Orang bertudung itu kemudian mengeluarkan sebuah belati dan menusuk dirinya sendiri, aku terkejut melihat apa yang ia lakukan dan saat itu sebuah lingkaran sihir berwarna ungu muncul di dadanya dan menghisap dirinya.
“i-ini sihir dimensional rift”ucap tuan karls dengan terkejut.
Lingkaran sihir itu kemudian berubah menjadi celah dimensi yang menghisap apapun yang ada di dekatnya, aku langsung merapalkan sihir gravity field untuk mencegah semua orang yang ada di alun-alun terhisap kedalam celah dimensi itu.
“sial dia menggunakan inti sihirnya sendiri untuk di jadikan pemicu untuk celah dimensi itu”ucap ku sambil berusaha menahan diri agar tidak terhisap.
“mereka juga memiliki sihir ini sulit di percaya”ucap tuan wilhelm.
“kita harus segera menutup celah dimensi itu, kalau tidak itu akan bisa menghisap semua yang ada disini”ucap tuan karls.
Saat itu aku menoleh kebelakang menatap maria yang mematung menatap celah dimensi itu, ketika itu aku mendapat sebuah ide untuk menutup celah dimensi itu namun sebelum itu aku berjalan menghampiri maria dan yang lainnya.
“hei maria apa kau pernah berpikir kalau ibumu masih hidup?”tanya ku kepada maria.
“ya aku sangat yakin dia masih hidup, kenapa kau bertanya tentang itu?”tanya maria balik kepada ku.
“aku berniat untuk menutup celah itu dengan membiarkan diriku terhisap kedalam celah itu”ucap ku sambil tersenyum.
“itu adalah ide bodoh yuuta jangan lakukan itu”ucap maria kepada ku.
“bila aku tidak melakukan nya semua orang yang ada di sini akan terhisap ke dalam celah itu”ucap ku kepada maria untuk meyakinkan nya.
Aku tahu itu adalah ide bodoh namun bila celah itu di biarkan begitu saja celah itu akan menghisap semua yang ada disini, aku menghela nafas lalu berjalan menghampiri celah dimensi itu.
“yuuta apa yang kau lakukan, jangan dekati celah dimensi itu”teriak tuan karls.
Aku berdiri menatap celah dimensi itu lalu merapalkan sihir penghalang terkuat untuk mencegah orang lain mendekati ku, saat itu aku berbalik menatap maria dan yang lainnya mencoba untuk mencegah ku untuk melakukan hal ini.
“kakek aku titip Aoi dan yang lainnya disini, tolong jaga mereka selama aku pergi”ucap ku kepada kakek.
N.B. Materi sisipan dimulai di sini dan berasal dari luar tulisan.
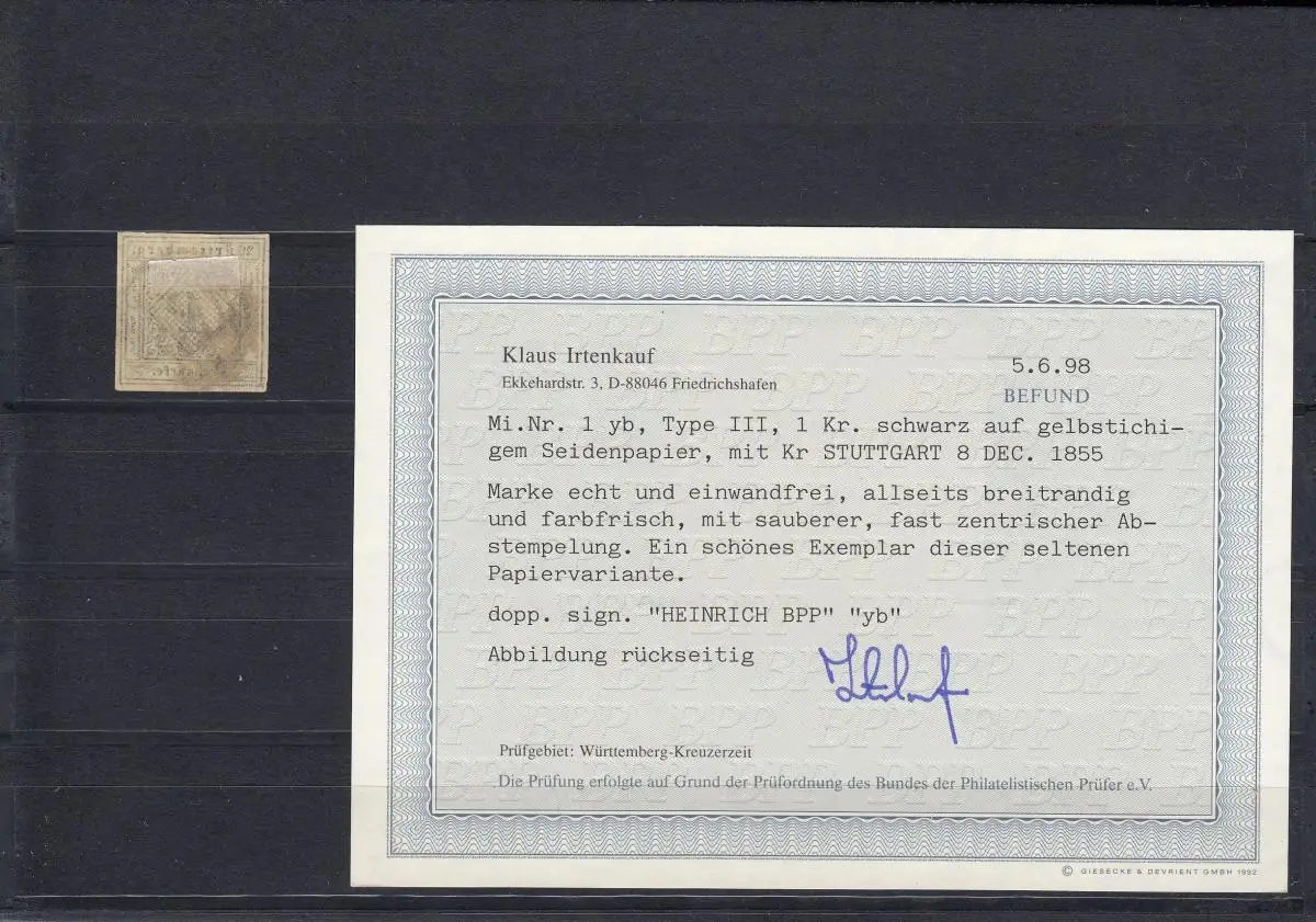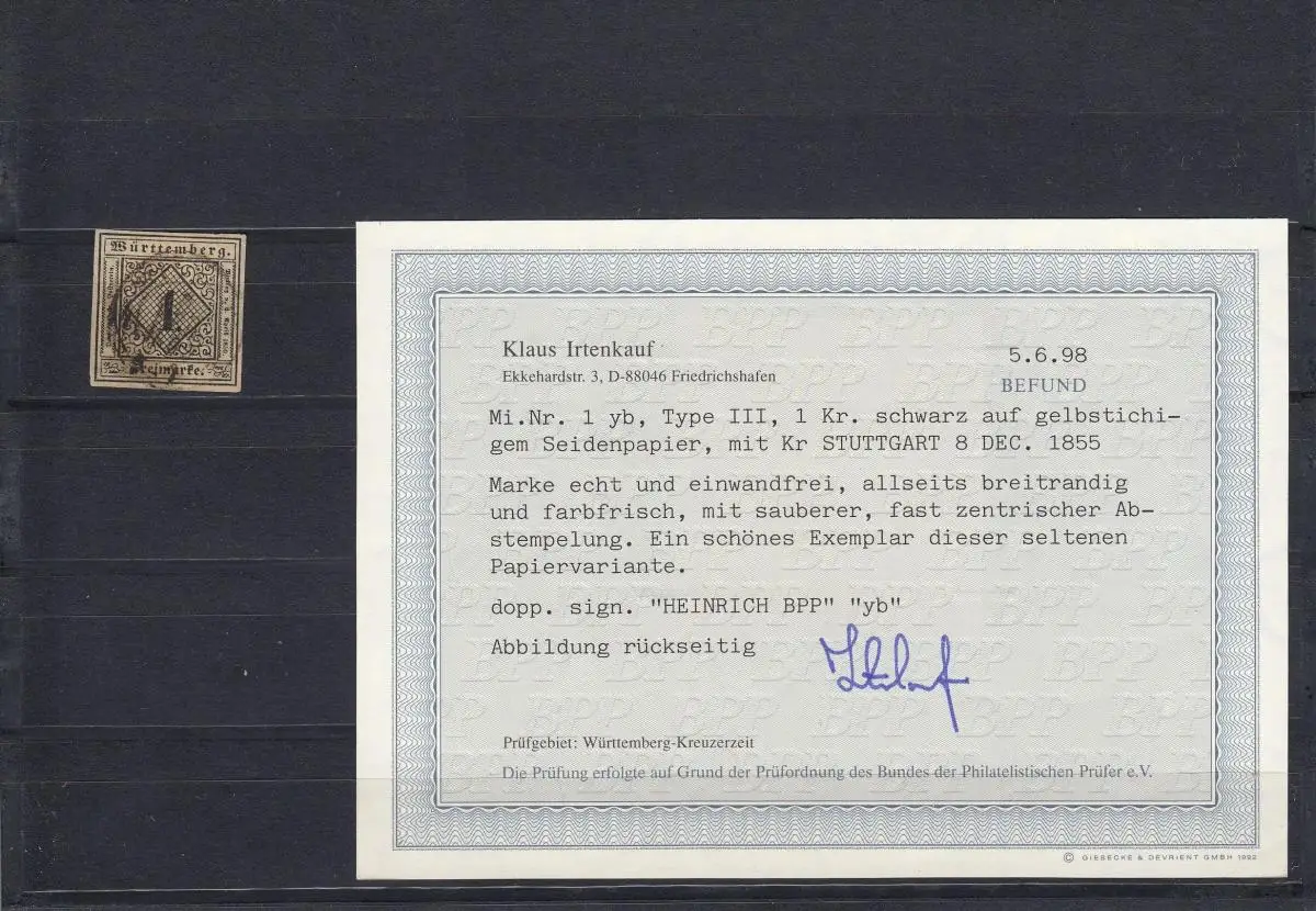 Württemberg: MiNr. 1 yb, gestempelt Stuttgart, BPP Befund

Sebelum aku masuk ke dalam celah dimensi itu aku mengeluarkan pedang katana milik ku lalu menancapkan nya ke tanah, setelah itu aku menonaktifkan sihir gravity field dan saat itu aku langsung terhisap kedalam celah itu dan saat itu aku langsung tidak sadarkan diri tepat setelah aku masuk ke dalam celah dimensi itu.
~~ sudut pandang maria ~~
“yuuta!!”teriak ku melihat yuuta yang terhisap ke dalam celah dimensi itu.
Celah dimensi itu langsung tertutup setelah menghisap yuuta ke dalam nya, saat itu aku tidak bisa berkata-kata apapun saat celah dimensi itu menghilang dari hadapan kami semua.
Dengan tidak percaya aku berjalan mendekati pedang katana milik yuuta yang tertancap di tanah, aku mencabut pedang katana itu dan hanya bisa terduduk di tanah sambil menangis memeluk pedang katana milik yuuta.
“padahal kau sudah berjanji kepada ku untuk tidak pergi lagi”ucap ku sambil menangis memeluk pedang katana itu.